It is preferable for the size of the first ridge-and-groove sets 479F to be from 0.01 millimeters to 0.2 millimeters. In that case, the cross-sectional surface area of the liquid container 31 becomes smaller as the roll-up member 43 rolls up the liquid container 31, but the range of fluctuation in the pressure of the liquid reliably becomes smaller. Therefore, the pressure of the liquid reliably becomes stabilized.
If the shaft portion 432B of the roll-up member 43 is provided with the second ridge-and-groove sets, when the second ridge-and-groove sets mesh with the first ridge-and-groove sets 479F, which are provided on the bottom face 479 of the first contact portion 472, resistance is applied to the shaft portion 432B. The size of the first ridge-and-groove sets 479F is not so large as to lock the rotation of the shaft portion 432B. The bottom face 479 of the first contact portion 472 is provided with the first ridge-and-groove sets 479F, and the outer circumferential face of the shaft portion 432B is provided with the second ridge-and-groove sets. Therefore, the outer circumferential face of the shaft portion 432B does not readily stick on the bottom face 479. Therefore, the stick-slip phenomenon is even more unlikely to occur between the friction surfaces.
The resistance portion 479E contacts the shaft portion 432B from a contact direction. The contact direction is the direction from the center of the shaft portion 432B toward the top face of the lower support portion 524. The lower support portion 524 is the rolling surface on which the shaft portion 432B of the roll-up member 43 rolls.
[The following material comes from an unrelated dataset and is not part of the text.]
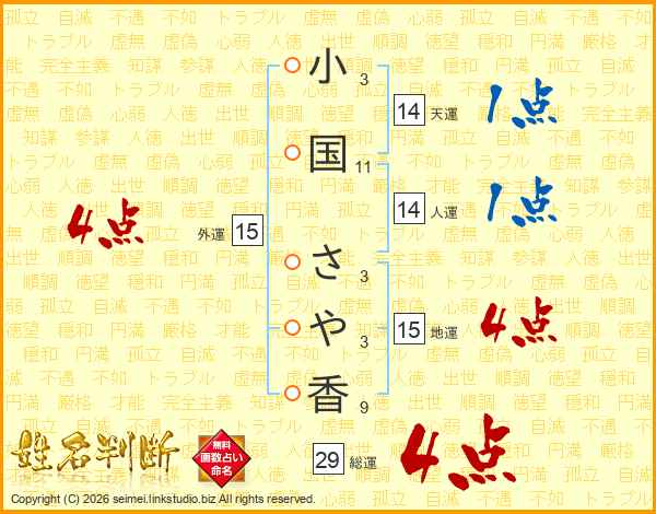 小(3画)国(11画) さ(3画)や(3画)香(9画)
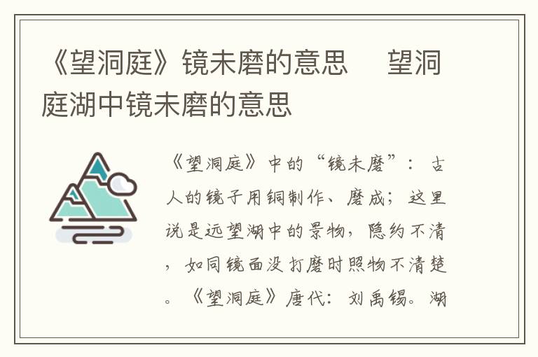 《望洞庭》中的“镜未磨”:古人的镜子用铜制作、磨成;这里说是远望湖中的景物,隐约不清,如同镜面没打磨时照物不清楚。《望洞庭》唐代:刘禹锡。湖光秋月两相和,潭面无风镜未磨。遥望洞庭山水翠,白银盘里一青螺。译文:风静浪息,月光和水色交融在一起,湖面就像不用磨拭的铜镜,平滑光亮。遥望洞庭,山青水绿,林木葱茏的洞庭山耸立在泛着白光的洞庭湖里,就像白银盘里的一只青螺。

Therefore, the shaft portion 432B is in sliding contact with the resistance portion 479E, and the shaft portion 432B is in rolling contact with the top face of the lower support portion 524. Therefore, the resistance portion 479E can generate resistance to the movement of the roll-up member 43 toward the front more reliably than when the resistance portion 479E is provided on the top face of the lower support portion 524.
The rolling surface on which the shaft portion 432B of the roll-up member 43 rolls is the rack 524A, which extends in the first direction. The outer circumferential shape of the shaft portion 432B in vertical cross section is circular. The shaft portion 432B rolls on top of the rack 524A. The resistance portion 479E contacts the shaft portion 432B on the opposite side from the rack 524A. Therefore, the shaft portion 432B can roll reliably, without sliding on top of the lower support portion 524.
The resistance portion 479E has a shape in which the resistance increases toward the front. For example, as described above, the heights of the ridges of the first ridge-and-groove sets 479F may increase from the rear edge 479C end to the front edge 479D end. Therefore, because the resistance of the resistance portion 479E increases toward the front, when the roll-up member 43 is moved toward the front by the energizing force of the elastic member 45, the forward force that acts on the liquid container 31 from the roll-up member 43 diminishes toward the front. Therefore, the cross-sectional surface area of the liquid container 31 in the left-right direction becomes smaller as the roll-up member 43 rolls up the liquid container 31, but the range of fluctuation in the pressure of the ink inside the liquid bag 13 becomes smaller.
The ridges and grooves of the first ridge-and-groove sets 479F are larger than any ridges and grooves in the inclined face 479A, which is a flat face provided on the rear end of the bottom face 479. The shaft portion 431B of the roll-up member 43 may either contact or not contact the inclined face 479A. After contacting the inclined face 479A, the forward-moving shaft portion 431B contacts the first ridge-and-groove sets 479F. Therefore, the roll-up member 43 readily moves smoothly and thus can roll up the liquid container 31 smoothly.
The resistance of the resistance portion 479E may increase gradually toward the front. The resistance of the resistance portion 479E may increase toward the front in incremental steps. The resistance portion 479E may be provided with an area that has the first ridge-and-groove sets 479F and with an area that does not have the first ridge-and-groove sets 479F. In that case, the front portion of the resistance portion 479E may be the area that has the first ridge-and-groove sets 479F, and the rear portion of the resistance portion 479E may be the area that does not have the first ridge-and-groove sets 479F. The ridges and grooves in the area that has the first ridge-and-groove sets 479F are larger than any ridges and grooves in the area that does not have the first ridge-and-groove sets 479F. In that case, the forward-moving shaft portion 431B contacts the area that has the first ridge-and-groove sets 479F after contacting the area that does not have the first ridge-and-groove sets 479F. Therefore, the roll-up member 43 readily moves smoothly and thus can roll up the liquid container 31 smoothly.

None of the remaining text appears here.